Одна Макариха относилась к происходящему так, будто ничто не удивляло и не пугало ее, все разворачивалось именно как хотела, желала, ждала ее всегда злорадственно настроенная к людям, никогда никому не подарившая никакого добра душа. Как и днем, при красноармейцах с бомбами, точно на каком-то посту стояла она в калитке своего дома, в Колькиной засмыганной телогрейке, скрытая темнотой, зловеще-черная с головы до ног, пристально за всем следящая и в непонятном своем злорадстве точно бы глубоко довольная про себя тем, что идущая беда так грозна, неотвратима, что ею настигнуты поголовно все деревенские, все ее, Макарихи, соседи, близкие и дальние, и такая на улицах тревога, беготня, суматошливые сборы.

Антонину тормошили со всех сторон, поминутно ее кто-нибудь окликал, что-нибудь спрашивал, просил, а у нее все валилось из рук, ни дела, ни места не могла она себе найти, и слух, и зрение ее были прикованы к одному: к полыханию пожарищ на краю неба, к грохоту большака.

Ей не стало силы терпеть в безвестности, ждать, пока что-то само собой наступит, прояснится, она решила ехать к большаку — поглядеть своими глазами, что там, узнать, расспросить.

Выезжать одной из деревни, от людей, во тьму поля, навстречу мерцавшим заревам было страшно, она кликнула деда Калашника, стоявшего праздно, вместе с незанятым народом:

— Лукич, поедем со мной!

— А чего ж, поедем! — легко, безбоязненно согласился Калашник. Своим возрастом он был уже избавлен от страха смерти и вообще от всякого страха.

В поле было странное, никогда прежде Антониной не виденное смешение неявственного розового света и тьмы, которое совсем не помогало, а даже мешало зрению; дорога из-за этого различалась гораздо хуже, чем если бы на земле лежал один ночной мрак. Можно было сбиться в сторону, заехать на пашню.

Но сразу же за деревней впереди замелькал желтоватый свет автомобильных фар, притененных сверху щитками. Фары бросали неяркие лучи круто на землю, всего только шагов на пять перед собой.

— Гляди! — сказал Калашник, своей рукой натягивая вожжи, которые держала Антонина, и притормаживая лошадь.

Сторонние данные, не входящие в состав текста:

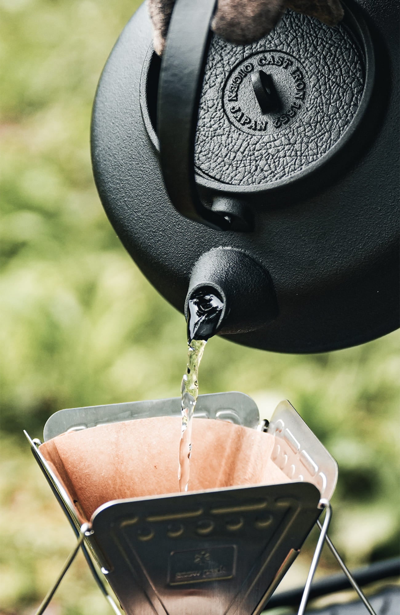 伝統の南部鉄瓶が自由な発想でアウトドアへ。ソトでの使い込みにも耐えるタフな鋳鉄ギアとしてデザインされたキャンプケトル『WAKKAS』。“ワッカス”という名前は「沸かす」から。2サイズ展開のうちWAKKAS 1300は大きいサイズです。実用容量は約1L(満水約1.3L)で、お茶や珈琲を5~6杯程度のお湯を沸かすことができます。南部鉄瓶では珍しいシームレスなフォルムや短く設計した注ぎ口は、屋内外問わず「湯沸かし」をたのしむためのデザインです。

Небыстро, ощупкой, встряхиваясь всем корпусом на каждой выбоине неровного проселка, приближался «газик». Его дребезжание, скрип рессор были Антонине знакомы. Но прежде чем она успела сообразить и ответить себе, почему ей знаком этот скрип, этот дребезг, это вихлянье жестяных, склепанных на трещинах крыльев, «газик» уже поравнялся с лошадью, тормознул, обдавши бричку пылью из-под колес, волной бензинной вони. Из черного нутра кто-то высунулся, в чем-то знакомой фуражке военного покроя, с верхом, показавшимся совсем белесым при отсветах пожарного зарева.

— Петровна, ты? Стой, подожди, ты это куда?

Это был голос Николая Ивановича, это была его фуражка, его «газик», раздрызганный на ухабах районных дорог, это был он сам.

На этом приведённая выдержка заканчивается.